Ghostbusters The Video Game Remastered
Developed by: Saber Interactive
Published by: Mad Dog Games
Release date: October 4, 2019
Available on: PC, PS4, Xbox One
Genre: Action
Number of players: Single-player
ESRB Rating: Teen for fantasy violence; mild language, mild suggestive themes, mild blood
Price: $24.99
(Humble Store Link)

Thank you Mad Dog Games for sending us a review code!

I enjoyed reviewing Ghostbusters The Video Game in 2010. The game was originally released on Steam and consoles in 2009. I was lucky enough to pick it up for $4; it’s no longer available on Steam. The remastered edition can be purchased through the Epic Game Store for $19.99. Is it worth that much? Read on to find out!

One of the first changes to the remastered version is a tribute to Harold Ramis who passed away in 2014. His voice along with the other actors from the popular movie series are all present and sound great in the game. The visuals are noticeably dated though. Especially during the movie cutscenes.

The graphics were cutting edge when the game first released more than ten years ago. Though they still look decent, they definitely aged. It’s hard to notice many visual improvements other than some antialiasing and a few tweaks here and there. The movies are blurry and do not look good at 4K.

Highlights:

Strong Points: Still a fun game that’s true to the movies
Weak Points: Short story mode campaign with no multiplayer (yet), cutscenes are dated and low resolution/blurry
Moral Warnings: The story revolves around ghosts, undead, and paranormal events; some violence; Peter hits on females constantly

The gameplay remains the same and doesn’t offer multiplayer (yet). There is talk of a free patch for adding it in the (near?) future. Unlike the original release, the console versions seem to be stuck with single-player only as well.

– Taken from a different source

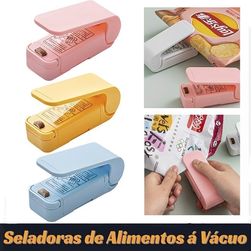 Mini Máquina Seladora a Pilha Colorida Com Imã de Geladeira Selador de Embalagem Plastica Pratica e Rápida

You start your journey as the newest member of the Ghostbusters team. Your uniform says “Rookie” on it and they only refer to you by nicknames so they don’t get too attached to you. Between fighting ghosts and testing out the latest equipment tweaks, it’s a toss-up as to which is more dangerous. Needless to say, you’re on the bottom of the totem pole when it comes to seniority.

The game begins in the museum where there is a new Gozer exhibit which is haunted, and opens a portal for the undead to invade our world. The Ghostbusters must stop this chaos and close all of the entrance points from the spirit world into our own. Many of the same allies and enemies are back. Mr. Peck still hates the Ghostbusters with a passion and will try his best to shut them down. The mayor is still on your side but doesn’t want the city destroyed.

When it comes to catching ghosts you’ll earn and cost the team money. The money you earn can be spent on many useful upgrades. I don’t think there is any penalty to destroying anything; the game just makes you aware of it. The upgrades include more powerful weapons, faster ghost traps, and personal damage reducing abilities.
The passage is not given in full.